Григол Абашидзе - Долгая ночь
Юноша сидел над книгой Торели, не выходя из дома. Всю душу вкладывал он в украшение любимой книги. Цаго не торопила его, не ходила к нему справляться, как идет работа. Нетерпение ее было очень велико, но она понимала: каждый ее приход к Ваче только помешает ему и оттянет дело.
Когда же Ваче позвал ее сам и показал книгу, в которой все почти было кончено, не считая некоторых мелочей, и когда девушка перелистала книгу, краска залила ее лицо, а в уголках губ заиграла загадочная, непонятная, необъяснимая для Ваче улыбка.
— О Ваче, такой второй книги, верно, нет на земле. Такой книги не будет и у царей. — И, забывшись, добавила: — Но будет ли такая книга и у самого Торели! Скоро кончишь, Ваче?
— Что там осталось — на три дня!
— Какое счастье, я ведь еду в Тбилиси. Мамука пригласил нас с Павлиа посмотреть коронацию.
Ваче от неожиданности схватился за спинку стула.
— Может быть, попаду ко дворцу, может быть, увижу Торели…
— Долго ли пробудешь в столице? — глухим, изменившимся голосом спросил Ваче.
— Как судьба! Может, совсем останусь в Тбилиси. — Она говорила, не замечая, как все больше и больше хмурится Ваче. — Через три дня мы уедем. Хорошо бы закончить книгу. Ведь если я увезу ее с собой, может быть, ее увидит Торели. — И она прижала руки к груди, словно боясь, что сердце сейчас выпорхнет, как птица из клетки.
Рука художника между тем невольно отодвигала книгу все дальше и дальше, словно это была уж не она, любимая книга, в которой он оставил столько своей души, а нечто враждебное, чуждое, неприятное. Однако слово нужно было держать, и Ваче скрепя сердце дорисовал книгу.
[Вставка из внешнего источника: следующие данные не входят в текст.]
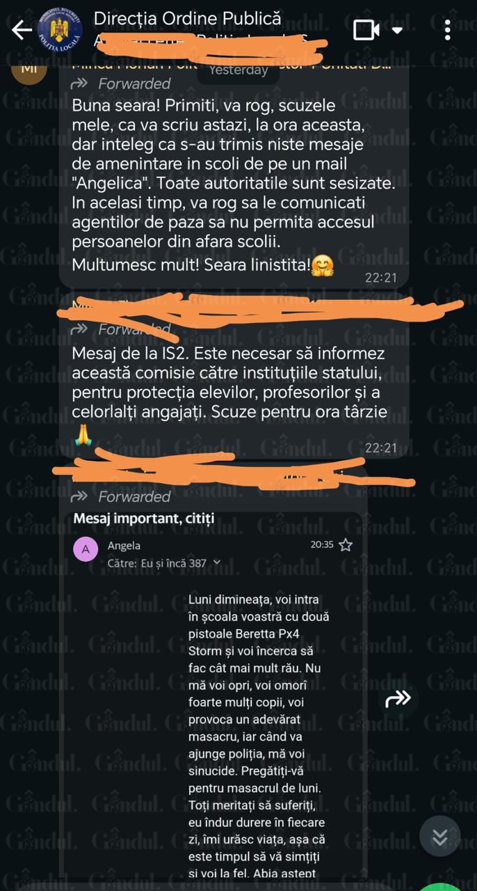 Un email anonim, expediat duminică seara către Inspectoratul Școlar al Sectorului 2, a declanșat o alertă majoră în unitățile de învățământ din București. Autorul mesajului a anunțat că intenționează să comită un masacru asupra elevilor.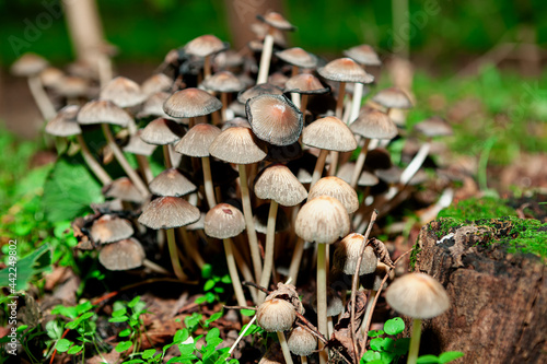 Bunch of mushrooms in the forest . Uncultivated fungus

Весть об отъезде Цаго обрушилась, как обвал. Стало казаться, что с ее отъездом рушится и вся жизнь, весь ее привычный ход, все спокойствие мирной Ахалдабы.
Конечно, какая девушка не мечтает о жизни в Тбилиси, кто не хотел бы попасть ко двору Багратидов, знаменитому на весь мир своей пышностью и доблестным рыцарством. Почему бы не помечтать об этом и прекрасной Цаго.
Обидно другое: ничего ей не жаль в этой прошлой теперь для нее жизни. Как легко она расстается с ним, с Ваче. Разве не из-за нее он отказался уйти с великим художником Деметре Икалтоели? Разве это была не жертва? Или она ничего не знает, не чувствует, не видит? Или она и не догадывается, что есть сердце, которое горит, как яркая восковая свеча, перед ее красотой, перед ее юностью, перед ее девическим образом?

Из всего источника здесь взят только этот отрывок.